D. J. Bernstein
More number-theoretic computations

# sortedsums

The latest published sortedsums package is sortedsums-0.53.tar.gz.

I have a paper explaining the algorithms used here.

## What is it?

sortedsums is a collection of tools for enumerating small solutions to certain types of Diophantine equations. For example, there are 14519 primitive solutions (a,b,c,d) to 5a^3 + 6b^3 = 7c^3 + 8d^3 > 0 with max{|a|,|b|,|c|,|d|} <= 10000; ``cubepqrs 5 6 7 8 10000'' prints all of them in just 69 minutes on a Pentium-100.

Given integers p, p, ..., p[n-1] and q, q, ..., q[n-1], sortedpq enumerates pairs (i,j) in increasing order of p[i]+q[j]. It uses extra space for just n integers and 2n indices. sortedpp is a faster version of sortedpq when p = q; it enumerates pairs (i,j) with i >= j, in increasing order of p[i]+p[j].

solvepqrs enumerates (i,j,k,l) such that p[i]+q[j] = r[k]+s[l], in increasing order of p[i]+q[j]. solvepppp, solvepprs, solvepqpq, and solvepprr are faster versions of solvepqrs.

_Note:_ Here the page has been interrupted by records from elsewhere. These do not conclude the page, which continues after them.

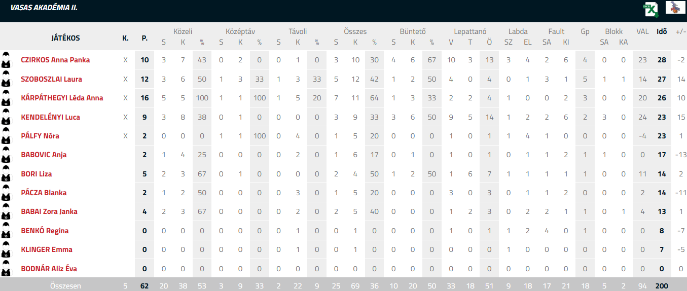 Egy remek hangulatú mérkőzést játszottunk a Csata DSE-vel. Voltak kisebb hullámvölgyek, de összességében a mi kezünkben volt a sorsunk, kontrolláltuk a meccset. Ennek ellenére tartogatott némi izgalmat az utolsó pár labdabirtoklás. Örülünk a kiemelkedő egyéni teljesítményeknek (Kárpáthegyi Léda 20 IBM, Kendelényi Luca 22 IBM, Czirkos Panka 20 IBM), de csapatként is jól szerepeltünk – mondta a csapat edzője, Kovács Martin.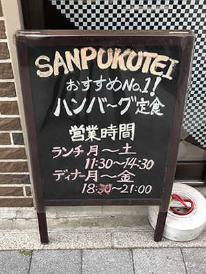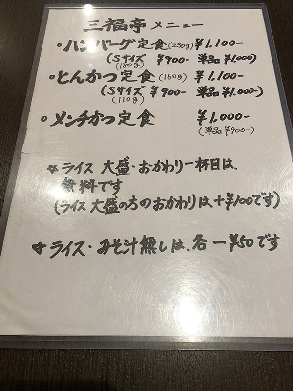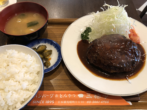 基本的にハンバーグ、メンチ、とんかつ、カレーとそのバリエーションで、意外にもとんかつを注文しているお客さんが多い。ここは230gのハンバーグ定食を注文。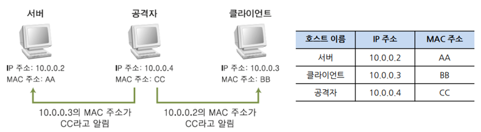 - 서버와 클라이언트에게 잘못된 MAC 주소를 알려줌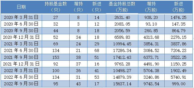 表1 2020年-2022年药明生物获基金增持和新进情况

Several sample applications are included in the sortedsums package:

• cubepqrs enumerates solutions to pa^3 + qb^3 = rc^3 + sd^3, given (p,q,r,s). cubepppp, cubepprs, and cubepqpq are faster versions of cubepqrs.
• two3 enumerates positive integers that can be written in many ways as sums of two cubes. two3p enumerates integers that can be written in many ways as sums of two positive cubes.
• two4 enumerates integers that can be written in two ways as sums of two positive fourth powers. euler4 enumerates fourth powers that can be written as sums of three positive fourth powers.

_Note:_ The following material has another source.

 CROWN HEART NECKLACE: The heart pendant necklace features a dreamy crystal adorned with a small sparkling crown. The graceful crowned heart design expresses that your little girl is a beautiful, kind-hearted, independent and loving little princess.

This work was supported by the National Science Foundation under grant DMS-9600083.

## Results

I have a table of all 516 primitive solutions to a^4 + b^4 = c^4 + d^4 with 0 < b <= a, 0 < d <= c, and c < a <= 1000000. 218 of the solutions were found previously by Lander, Parkin, Selfridge, and Zajta.

The fourth power of 8707481 is a sum of three positive fourth powers. Same for 12197457, 16003017, and 16430513. Other small known solutions are 422481 (Frye), 2813001 (MacLeod), 20615673 (Elkies), and 638523249 (MacLeod). There are no other primitive solutions below 21000000. This computation used some observations by Morgan Ward.

48988659276962496 (discovered independently by Wilson), 391909274215699968, and 490593422681271000 can be written in 5 ways as the sum of two positive cubes.